I wouldn't recommend incubating the eggs - hatching them is only the first step in a long process and it sounds very much like you're not really prepared for the trauma of trying to get non-feeding hatchlings to eat, and then rehoming the ones that do. Besides, buying the setups you'd need for housing hatchlings can be a costly enterprise, which you're not likely to get back by selling them.
My recommendations at the moment are:
- Separate the adults as soon as possible, by putting the male in a new setup and leaving the female where she is.

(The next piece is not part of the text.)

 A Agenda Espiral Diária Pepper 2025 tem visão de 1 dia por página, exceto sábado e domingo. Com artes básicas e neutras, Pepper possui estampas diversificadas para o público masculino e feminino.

A male and female will inevitably mate, whether you want them to or not. No special conditions are necessary.
- Put a laying box in with the female and leave her in peace. If she's disturbed any more, she may become eggbound. A laying box is just a plastic tub with some damp medium in it - sphagnum moss or vermiculite are ideal, but damp paper towel will do in an emergency. Put it in the area between the cool and hot ends of the tank and the female should find it for herself.
- Don't take any more eggs out until you're sure that the female has finished laying. Again, disturbing her could cause eggbinding.

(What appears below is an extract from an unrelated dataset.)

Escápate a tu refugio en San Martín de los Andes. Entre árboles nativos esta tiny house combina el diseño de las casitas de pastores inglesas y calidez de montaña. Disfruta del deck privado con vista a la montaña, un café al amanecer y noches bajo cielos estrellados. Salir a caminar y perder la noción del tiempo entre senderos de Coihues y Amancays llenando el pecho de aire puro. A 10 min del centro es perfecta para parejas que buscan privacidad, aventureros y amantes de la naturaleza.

- Put any eggs in the freezer for 24 hours then throw them away.
- Buy a really good book on Corns (like Kathy and Bill Love's), do loads of research on breeding on the web, and get yourself properly set up to breed next year, if that's what you'd like to do.
- Make sure you take very good care of the female once she's finished laying. Offer her a small meal (smaller than the mice she usually has) the day after she finishes laying. You'll then need to feed her more often with her normal sized food, until she had regained her pre-laying weight/size.
How old and big is the female? If she's under three years old or was under 300g in weight, then there may be complications that you need to look out for.